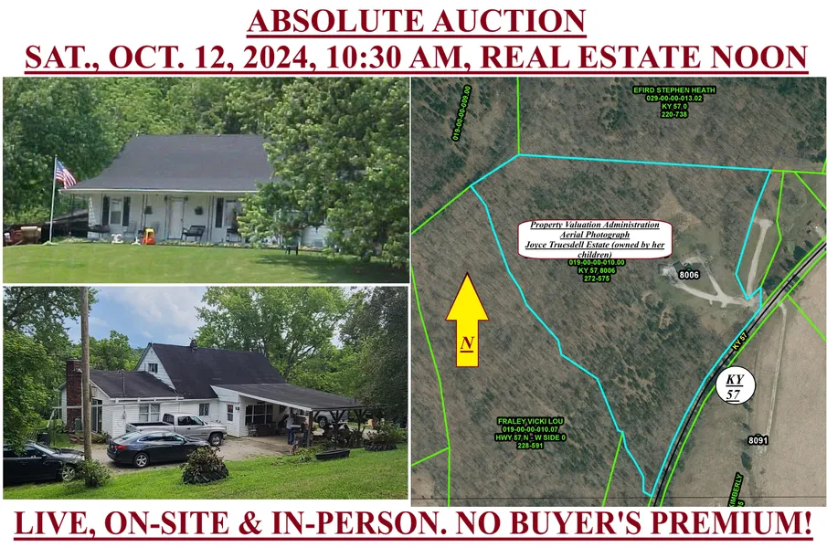 TERMS OF PURCHASE, REAL ESTATE: Property sold at Absolute Public Auction (meaning that the real estate will be sold for the maximum bid made with no reserves or minimum prices established. The definition of Absolute Auction as defined by the Kentucky Board of Auctioneers has been provided to the Sellers and auction will be conducted in compliance with said definition) as a live, in-person, on-site event. No online bidding provided, although absentee bids are conditionally accepted. In the event that absentee bids are made, absentee bids shall be made on the absentee bidder's behalf in a competitive nature and not necessarily the absentee bidder's highest bid/offer., as a cash sale with no contingencies with regards to financing or inspections, with the purchaser to place a non-refundable deposit equal to 10% of the purchase price down on date of sale with balance due in full within 30 days of auction (on or before the 12th day of November, 2024). Terms of purchase are Cash to Seller: NO CONTINGENCIES OF ANY KIND PERMITTED. Possession with deed at closing. Sellers to maintain insurance on property though date of closing (including liability; agent/auctioneer is not responsible for accidents); however successful purchaser will have an inherent and thus an insurable interest in the property as of date of sale and is encouraged to obtain insurance immediately upon sale as purchaser will assume risk of loss from under-insurance, lack of insurance, or in the event of fire or other disaster. The home on the property was constructed prior to 1978, thus Lead-Based Paint could potentially be in evidence. Purchasers concerned about the possible presence of lead-based paint are encouraged to arrange and conduct --- at the prospective purchasers sole expense --- any inspections for the presence of Lead-Based Paint they so desire prior to purchase, as purchaser will be required to waive the rights to any contingency relative to any future testing or presence of Lead-Based Paint as a condition of purchase. Year 2024 real estate
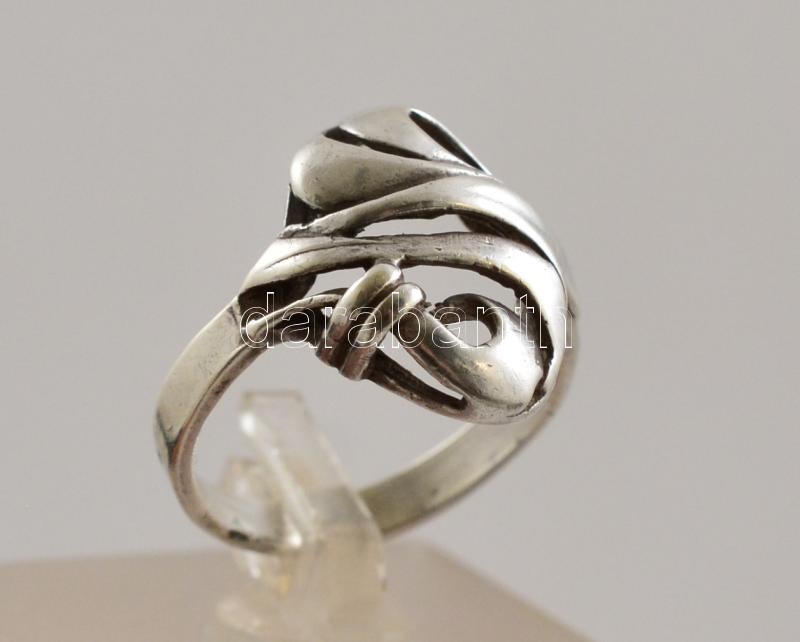 Ezüst(Ag) szecessziós stílusú gyűrű, jelzett, méret: 52, nettó: 3,1 g
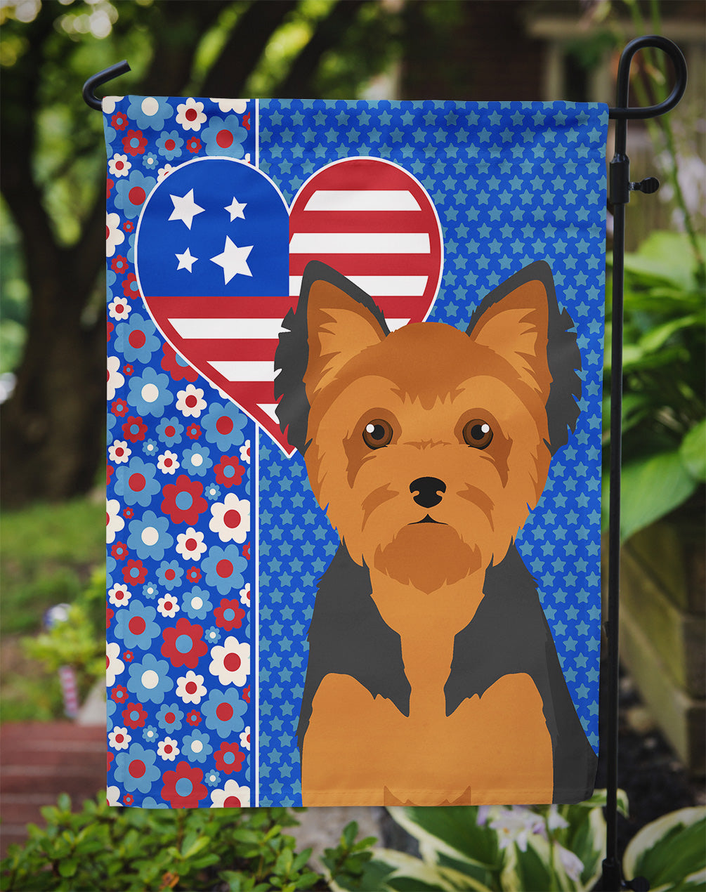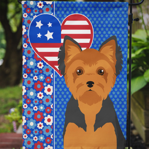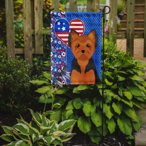 Garden Flag featuring breed specific Yorkshire Terrier artwork. This Garden Flag is from Caroline’s Treasures collection USA Love America. Enhance the beauty of your garden, patio, or yard with Caroline’s Treasures Decorative Garden Flag, proudly made in the USA. Crafted from two pieces of thick, double-sided polyester fabric, this 2-ply garden flag is designed to withstand various weather conditions, making it water-resistant and weatherproof. Featuring correctly readable words on both sides, this garden flag offers a delightful visual experience from any angle. With its heavier weight, it stands out among other garden flags, ensuring stability and durability even in wind, rain, and snow. Measuring approximately 11 1/4 inches by 15 1/2 inches, this flag allows you to personalize your outdoor decor. It comes with a 1 1/2-inch sleeve sewn in, allowing easy attachment to any standard garden flag stand or garden size porch hanger (sold separately). Make a statement in your outdoor space with Caroline’s Treasures Decorative Garden Flag, a vibrant and high-quality flag that adds color and personality to your surroundings. Proudly made in the USA, it’s a symbol of quality craftsmanship and attention to detail. This Garden Flag is from Caroline’s Treasures Dogs category of products.
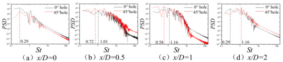 x/D = 0.5; that is, the power spectrum peak of the radial fluctuating velocity has a smaller frequency. For the jet of the 0 ° straight hole, airflow near the wall at
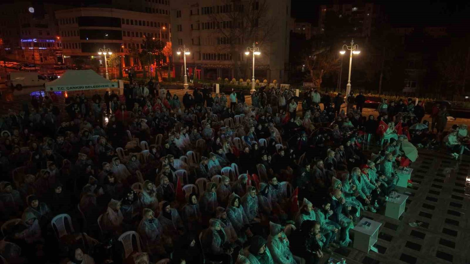 Çankırı’da vatandaşlar, A Milli Futbol Takımı’nın 2026 Dünya Kupası Avrupa elemeleri play-off finalinde Kosova’yı 1-0 mağlup ettiği maçı yağmur altında izledi.
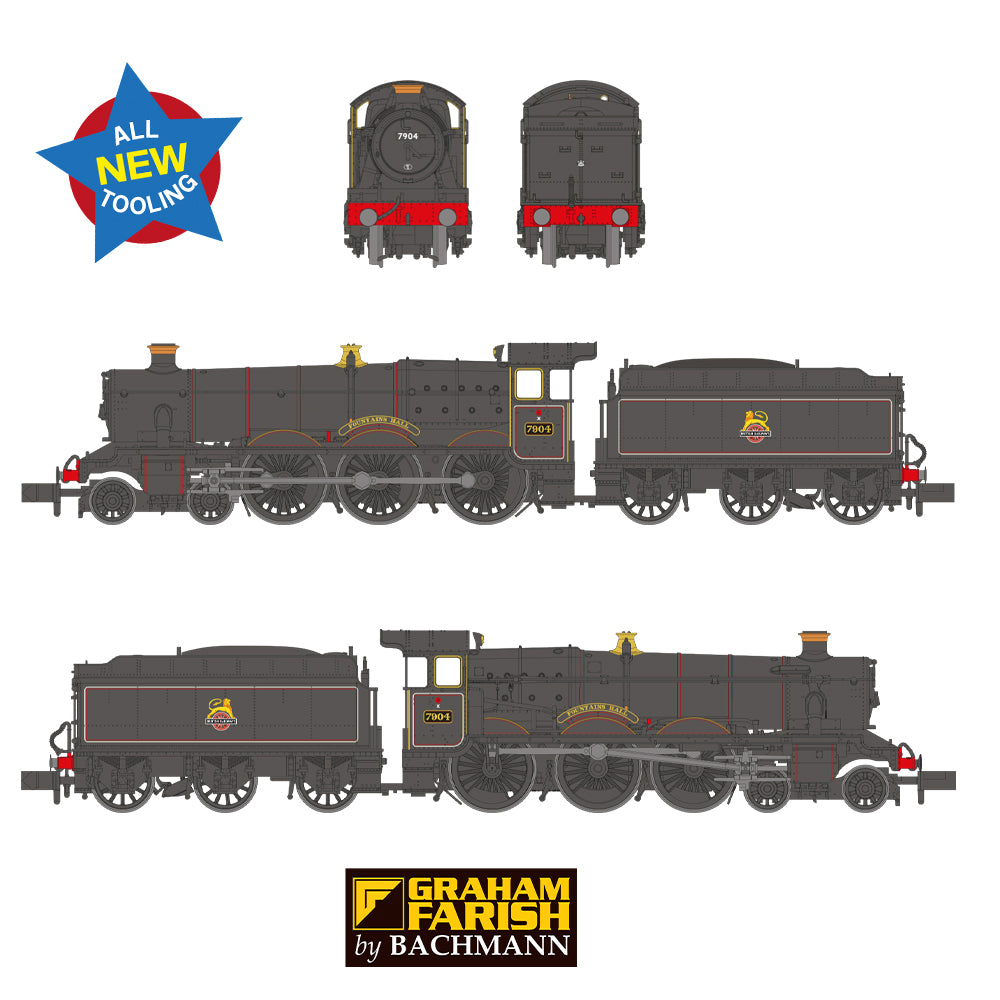 Graham Farish 372-451 N Gauge GWR 'Modified Hall' 7904 Fountains Hall BR Lined Black (Early)
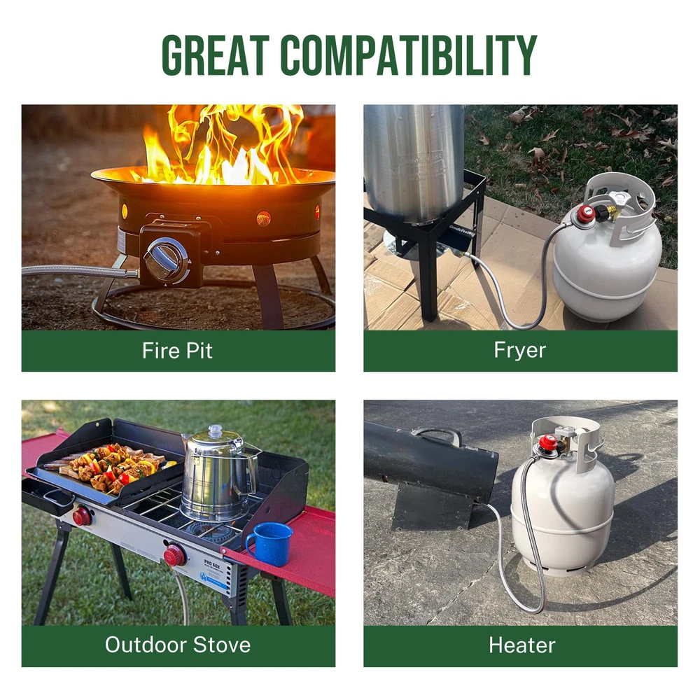 【Unsurpassed Gas Regulation & Stability of Gas Flow】 As ’s propane hose is equipped with an adjustable high-pressure propane regulator ranging from 0-20PSI, you can easily manage the flame depth and the heat degree of your grills, turkey fryers, fish fryers, burners, outdoor cookers & stoves, smokers, heaters, fire pits and propane forges. 【Built to Enjoy Durability & Longevity】 Featuring 4-layer hose construction, propane hose with high-pressure regulator is constructed from superb flame-retardant PVC and stainless-steel braid, which strengthens the propane hose’s sturdiness and its resistance to weather, tear and wear. 【100% Solid Brass Connections & Leak Proofness】 propane hose with regulator is at 4ft long and has a secure fitting with QCC1/Type1 propane tank connections. The other end of the hose is sealed with 3/8” flare fitting with an outside diameter of ⅝ inches, which fits for most propane appliances. Both ends of the propane regulator hose are accurately manufactured from high-quality brass to against corrosion and to provide an air-tight connection, ensuring 100% SAFETY! 【quality & CSA Certification】 Certified by CSA, the high pressure propane regulator with hose has a built-in protection device to automatically shut off to protect its users. What’s more, the propane hose is also known by its non-clogging inner tube to double the smooth delivery of gas flow from propane tanks to your fryers or griddles. 【1-Year 】hose regulator for propane tank are under 1-Year . As we value every customer’s voice and experience with our products and service, we provide 24hrs/7days non-stop customer support to you. Pls feel free to us whenever you are concerned about the product or after-sales service.
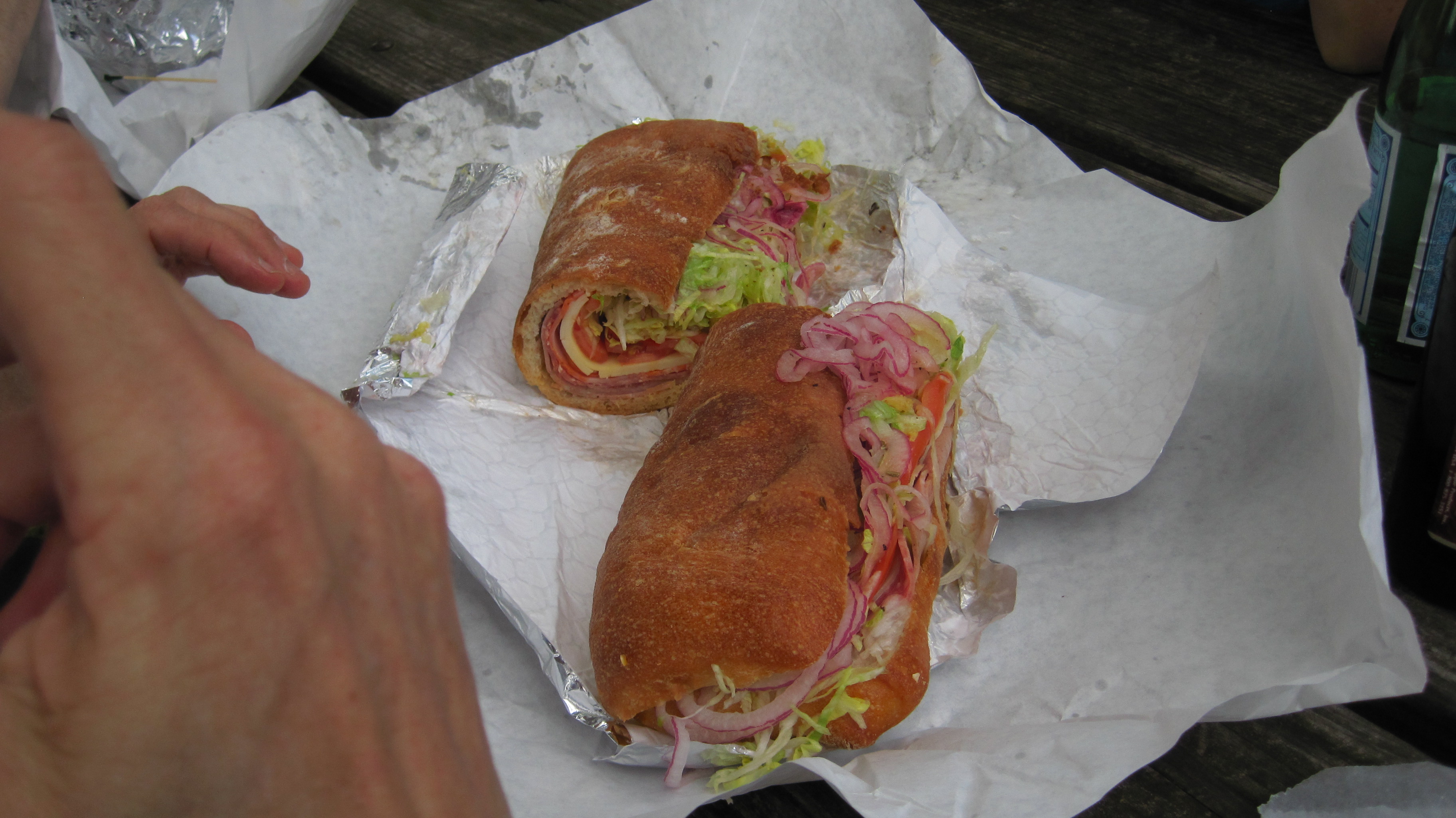 Phil and his wife Alice ordered a “4 Meat Grinder”, and the result was a sandwich almost a foot and a half long and weighing nearly 5 pounds. (“Grinder” is a northeast US term for a foot and a half long, 5 pound sandwich). This thing was even more impressive when it was laid out on a picnic table.
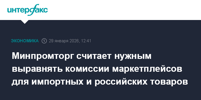 Москва. 29 января. INTERFAX.RU - Минпромторг РФ считает недопустимой практику, когда маркетплейсы устанавливают комиссии в отношении поставщиков импортной продукции ниже, чем для отечественных товаров, и выступает за изменение регулирования в этой сфере.
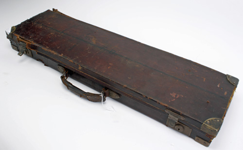 A BRASS-CORNERED OAK & LEATHER SINGLE GUNCASE,
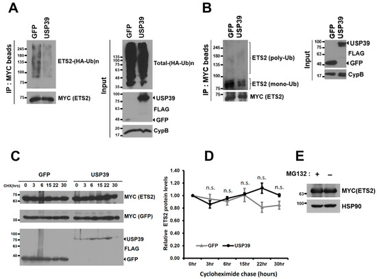 3.4. USP39 Deubiquitinates ETS2 but Does Not Affect Its Protein Stability

Your goal: If pictures appear among the records, do not carry them over; retype the rest exactly.

Answer section:
 TERMS OF PURCHASE, REAL ESTATE: Property sold at Absolute Public Auction (meaning that the real estate will be sold for the maximum bid made with no reserves or minimum prices established. The definition of Absolute Auction as defined by the Kentucky Board of Auctioneers has been provided to the Sellers and auction will be conducted in compliance with said definition) as a live, in-person, on-site event. No online bidding provided, although absentee bids are conditionally accepted. In the event that absentee bids are made, absentee bids shall be made on the absentee bidder's behalf in a competitive nature and not necessarily the absentee bidder's highest bid/offer., as a cash sale with no contingencies with regards to financing or inspections, with the purchaser to place a non-refundable deposit equal to 10% of the purchase price down on date of sale with balance due in full within 30 days of auction (on or before the 12th day of November, 2024). Terms of purchase are Cash to Seller: NO CONTINGENCIES OF ANY KIND PERMITTED. Possession with deed at closing. Sellers to maintain insurance on property though date of closing (including liability; agent/auctioneer is not responsible for accidents); however successful purchaser will have an inherent and thus an insurable interest in the property as of date of sale and is encouraged to obtain insurance immediately upon sale as purchaser will assume risk of loss from under-insurance, lack of insurance, or in the event of fire or other disaster. The home on the property was constructed prior to 1978, thus Lead-Based Paint could potentially be in evidence. Purchasers concerned about the possible presence of lead-based paint are encouraged to arrange and conduct --- at the prospective purchasers sole expense --- any inspections for the presence of Lead-Based Paint they so desire prior to purchase, as purchaser will be required to waive the rights to any contingency relative to any future testing or presence of Lead-Based Paint as a condition of purchase. Year 2024 real estate
 Ezüst(Ag) szecessziós stílusú gyűrű, jelzett, méret: 52, nettó: 3,1 g
 Garden Flag featuring breed specific Yorkshire Terrier artwork. This Garden Flag is from Caroline’s Treasures collection USA Love America. Enhance the beauty of your garden, patio, or yard with Caroline’s Treasures Decorative Garden Flag, proudly made in the USA. Crafted from two pieces of thick, double-sided polyester fabric, this 2-ply garden flag is designed to withstand various weather conditions, making it water-resistant and weatherproof. Featuring correctly readable words on both sides, this garden flag offers a delightful visual experience from any angle. With its heavier weight, it stands out among other garden flags, ensuring stability and durability even in wind, rain, and snow. Measuring approximately 11 1/4 inches by 15 1/2 inches, this flag allows you to personalize your outdoor decor. It comes with a 1 1/2-inch sleeve sewn in, allowing easy attachment to any standard garden flag stand or garden size porch hanger (sold separately). Make a statement in your outdoor space with Caroline’s Treasures Decorative Garden Flag, a vibrant and high-quality flag that adds color and personality to your surroundings. Proudly made in the USA, it’s a symbol of quality craftsmanship and attention to detail. This Garden Flag is from Caroline’s Treasures Dogs category of products.
 x/D = 0.5; that is, the power spectrum peak of the radial fluctuating velocity has a smaller frequency. For the jet of the 0 ° straight hole, airflow near the wall at
 Çankırı’da vatandaşlar, A Milli Futbol Takımı’nın 2026 Dünya Kupası Avrupa elemeleri play-off finalinde Kosova’yı 1-0 mağlup ettiği maçı yağmur altında izledi.
 Graham Farish 372-451 N Gauge GWR 'Modified Hall' 7904 Fountains Hall BR Lined Black (Early)
 【Unsurpassed Gas Regulation & Stability of Gas Flow】 As ’s propane hose is equipped with an adjustable high-pressure propane regulator ranging from 0-20PSI, you can easily manage the flame depth and the heat degree of your grills, turkey fryers, fish fryers, burners, outdoor cookers & stoves, smokers, heaters, fire pits and propane forges. 【Built to Enjoy Durability & Longevity】 Featuring 4-layer hose construction, propane hose with high-pressure regulator is constructed from superb flame-retardant PVC and stainless-steel braid, which strengthens the propane hose’s sturdiness and its resistance to weather, tear and wear. 【100% Solid Brass Connections & Leak Proofness】 propane hose with regulator is at 4ft long and has a secure fitting with QCC1/Type1 propane tank connections. The other end of the hose is sealed with 3/8” flare fitting with an outside diameter of ⅝ inches, which fits for most propane appliances. Both ends of the propane regulator hose are accurately manufactured from high-quality brass to against corrosion and to provide an air-tight connection, ensuring 100% SAFETY! 【quality & CSA Certification】 Certified by CSA, the high pressure propane regulator with hose has a built-in protection device to automatically shut off to protect its users. What’s more, the propane hose is also known by its non-clogging inner tube to double the smooth delivery of gas flow from propane tanks to your fryers or griddles. 【1-Year 】hose regulator for propane tank are under 1-Year . As we value every customer’s voice and experience with our products and service, we provide 24hrs/7days non-stop customer support to you. Pls feel free to us whenever you are concerned about the product or after-sales service.
 Phil and his wife Alice ordered a “4 Meat Grinder”, and the result was a sandwich almost a foot and a half long and weighing nearly 5 pounds. (“Grinder” is a northeast US term for a foot and a half long, 5 pound sandwich). This thing was even more impressive when it was laid out on a picnic table.
 Москва. 29 января. INTERFAX.RU - Минпромторг РФ считает недопустимой практику, когда маркетплейсы устанавливают комиссии в отношении поставщиков импортной продукции ниже, чем для отечественных товаров, и выступает за изменение регулирования в этой сфере.
 A BRASS-CORNERED OAK & LEATHER SINGLE GUNCASE,
 3.4. USP39 Deubiquitinates ETS2 but Does Not Affect Its Protein Stability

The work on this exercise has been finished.